In the figure, each box shows one prefetcher. Within the box, each dot represents the result of a benchmark. To get a suite-wide average, we calculate weighted-average from each benchmark, with the miss per kilo instruction (MPKI) as the weight. This way, applications with more misses are given more weight in evaluating prefetcher behavior. To show the weight visually, the area of each dot is proportional to the weight.

The first thing to note is the sheer range of accuracy in essentially all monolithic prefetchers. The worst-performing application for each monolithic prefetcher achieves an effective accuracy between 7% and 23%. On average, the effective accuracy of the monolithic prefetchers ranges from 45% to 69%. In contrast, TPC has a much more limited range, with the worst application having an effective accuracy of 49% and the global average is 82%. To see this a bit better, we summarize the global average of effective accuracy of each prefetcher in Figure 12. For TPC, we show the effect as we add one component after another. Similar to effective accuracy, we define effective coverage as the percentage reduction of misses as a result of using a prefetcher. We show effective accuracy and coverage for both L1 and L2 caches. We see that the effective coverage of TPC is significantly better than monolithic prefetchers in the L1 cache. The difference is much smaller in the L2 cache. Despite issuing fewer prefetches, TPC has higher effective coverage. This is because of better accuracies.

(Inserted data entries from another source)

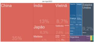 E, como consequência, coloca a China como a maior fornecedora do Brasil, ocupando em torno de 35% do fornecimento.
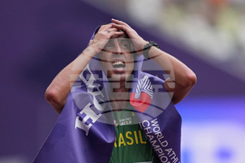 Brazil's Caio Bonfim after winning the men's 20 kilometers race walk gold medal at the World Athletics Championships in Tokyo, Saturday, Sept. 20, 2025. (AP Photo/Bernat Armangue)
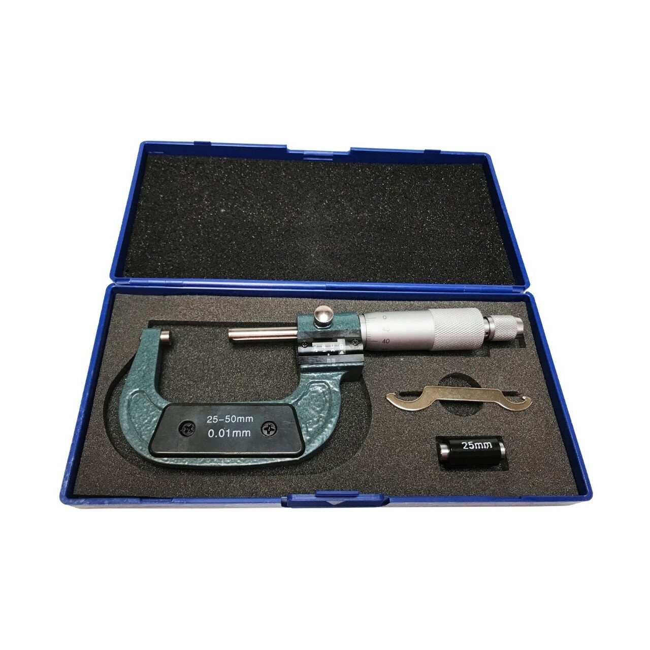 Micrometru (cunoscut și sub numele de micrometru, pentru a-l deosebi de un micrometru ca unitate de măsură) - un instrument de măsurare utilizat pentru măsurarea precisă. Funcționarea dispozitivului se bazează pe utilizarea unui șurub micrometru și a unui vernier. Un șurub micrometru este un șurub realizat foarte precis, cu pasul filetului de 1 mm conectat la tamburul micrometric, pe circumferința căruia este gravată o scară (vernier). La tamburul micrometrului este conectat un buton cu un ambreiaj cu clichet, care asigură o presiune adecvată, constantă a fălcilor. Presiunea inadecvată cauzează inexactități semnificative de măsurare. Totul este ambalat într-o cutie practică, rezistentă.

**Figure 12.** Effective accuracy and coverage vs scope for different prefetchers at L1 and L2 caches. Monolithic prefetchers are shown in solid dots. Composite prefetcher TPC's result is shown in hollow circles from left to right as we incrementally turn on T2, P1, and C1 components.

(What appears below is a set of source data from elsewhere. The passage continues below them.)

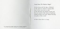 About MeBooklet designed by Ian Hamilton Finlay and Gary Hincks, printed by the Wild Hawthorn Press on 4 pages. It begins: Found Poem: The Mastless Barges
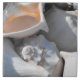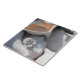 The softly colored artwork on this 6” Ceramic Tile is an original photograph by MaeFlowers of conch shells closeup, of their curving shapes swirling to a tip looking like a crown. The sea shells are white on the outside with salmon pink interiors. The shells are in a pile, each sea shell facing a different direction, making flowing lines in the design. The shells are in sunlight and shadow, with white and pale pink and blue highlights, and deepening shades of gray into the shadows.
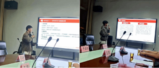在本次学术沙龙中,两位汇报人围绕《绿色金融与新质生产力:促进还是抑制?——基于技术创新与环境关注度的视角》展开汇报。荀红语同学首先介绍了研究背景、理论框架与研究假设。她指出,新质生产力以科技创新为核心,融合绿色、数字等新要素;绿色金融将环境因素纳入投融资决策,是推动新质生产力发展的重要抓手。在国家多次强调绿色发展和金融“五篇大文章”的政策背景下,探讨两者关系具有重要现实意义。理论与假设部分提出,绿色金融可通过“促进技术创新”和“提升政府及公众环境关注度”两条路径带动新质生产力发展,并据此提出三项假设:H1绿色金融能够促进新质生产力发展;H2绿色金融通过提升技术创新的数量与质量发挥作用;H3绿色金融通过提高环境关注度发挥作用。

Intuitively, as we increase the scope, we are facing more difficult targets, which lowers the effective accuracy. This intuition largely agrees with empirical results. For TPC, as we go from strided stream, to pointer chasing, to high locality streams, the accuracy of prefetches issued understandably drops. In monolithic prefetchers, those with a high scope tend to have a lower effective accuracy. The line in the figure

 $<sup>^{5}</sup>$ Note that many prefetchers are not designed to prefetch into L1. But in almost all designs, the version prefetching into L1 is (slightly) better in overall speed than prefetching into L2. We will discuss this point more later.



Figure 13. Effective accuracy vs scope by different prefetchers (left to right) in three categories: from top to bottom LHF, MHF, and HHF. For one application using one prefetcher, one dot shows the effective accuracy and scope in the corresponding category.

shows the result of linear regression. As we increase the scope, some of the drop in accuracy may be inevitable. But for the current target, there is an accuracy gap between TPC and the monolithic prefetchers.

To understand this accuracy gap better, we divide all accesses subjectively into three categories with increasing difficulty of prefetch and see the accuracies in each category. We call these categories low-, mid-, and high-hanging fruit (LHF, MHF, and HHF for short). They correspond to strided accesses, non-strided accesses with high spatial locality, and everything else. Note that the division is done offline to have a better approximation to "ground truth". Nevertheless, it is still a somewhat subjective division. Every prefetch issued is labeled as one of the categories.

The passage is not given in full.